Is Politics Noble?

Politics

To be engaged in politics, at its heart, is to care about what is beyond oneself, family and close circle of friends. In thinking about the affairs of wider society we are necessarily engaging in a partly self-less act of empathy. By adding our voice and concern to the broader debate we often benefit people other than ourselves. The more politically engaged you get, the more you concern yourself with broader identity groups that encompass more people, and thus the more people you are being active on behalf of. This rises from the narrow confines of one’s family and friends, up to the level of local community, and beyond to larger categories like one’s nation, faith and humanity as a whole.
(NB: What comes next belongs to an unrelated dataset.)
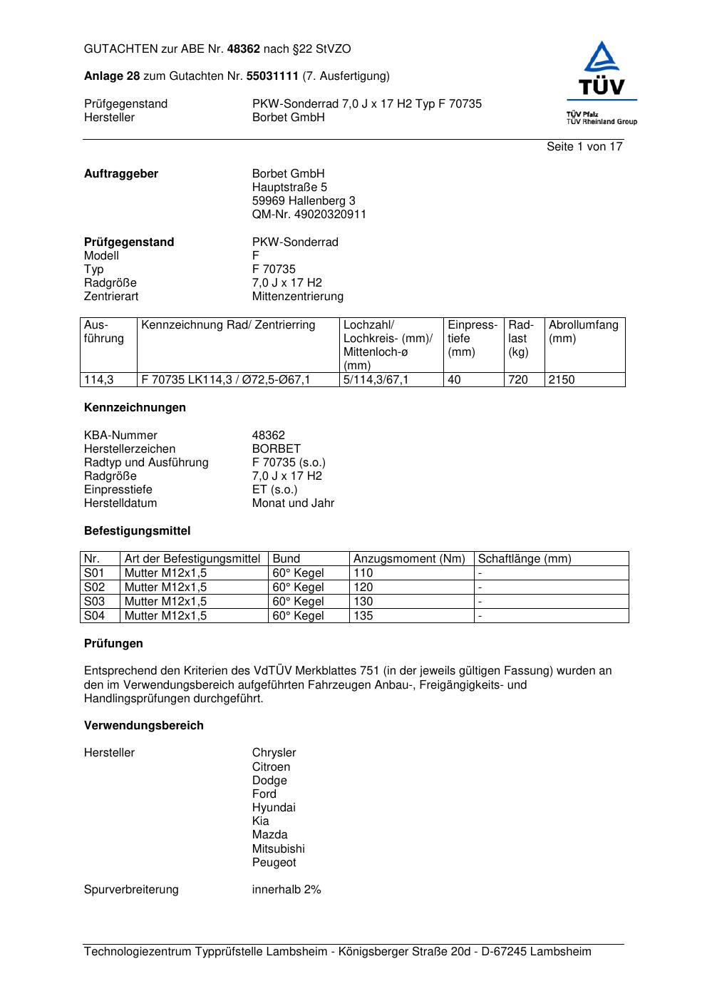 Dieses Gutachten (abe) bezieht sich auf die Alufelge Borbet F 70 735 in der Ausführung 7Jx17 ET 0, Mittenloch 0 mm (KBA 48362). Im PDF findest du typischerweise zulässige Reifengrößen, Auflagen/Anbauhinweise und – je nach Dokument – Hinweise zur Eintragung.

It seems clear to me that being politically proactive (not necessarily ideological or partisan) and taking at least some interest in the affairs of society is almost a necessary component of a well-rounded and noble character. After all, all it takes for evil to take hold is for “good men to stay silent”. And women, presumably.
It is easy to care for yourself and your family, and though that ought to have great importance, it is far more difficult (and thus more laudable) to care for someone with whom you have little in common, and who you have never met. Empathy with refugees fleeing warzones, for example, or minority groups you are not a part of, is an honourable affair.

Whilst it is a potentially bold and contentious view, surely whether or not one follows the general affairs of one’s nation is surely not simply a matter of interests and hobbies, as for example following interests in business, medicine or technology might be. That is not to say those fields cannot be noble pursuits (far from it), but to follow affairs can be to satisfy one’s interests and for entertainment, or it can be to position oneself to make a positive contribution in broader debate and democratic processes. How many people actually follow the news for this purpose, however, is debatable.

Thus, it would seem natural (ignoring how the real world actually works for a moment) that entering the actual field of politics is also a noble thing. You are taking up the work of representing constituents and the general public – a great responsibility. Ultimately, most MPs could be making far more money working in the City of London and as part of a career in politics subject themselves to greater levels of scrutiny in their private lives than almost anyone has to deal with.

The Real World

How, then, has politics descended into something that is really rather grizzly? “Power attracts the worst and corrupts the best.” There is nothing glamorous about the way most politicians exercise power, from the MPs expenses scandal to the stupendous daily allowances for the House of Lords, and the perpetual banter-factory that is Prime Minister’s Questions (“accountability”). Even in a mature democracy we still can’t seem to shake the unimpressive reality that those who exercise political power are often not quite the knights in shining armour we wish them to be.

A significant reason for this must be the elephant in the room; power. Whilst activism seldom has connotations of this, the actual pursuit of politics as a profession often can aggrandize one’s own sense of power, which has tempted all since time immemorial. And leads to less than ethical behaviour.

Perhaps we can concede that whilst the practice of politics is a necessary evil, political activism and engagement undertaken by ordinary people for the purpose of bettering society is indeed a desirable and moral act.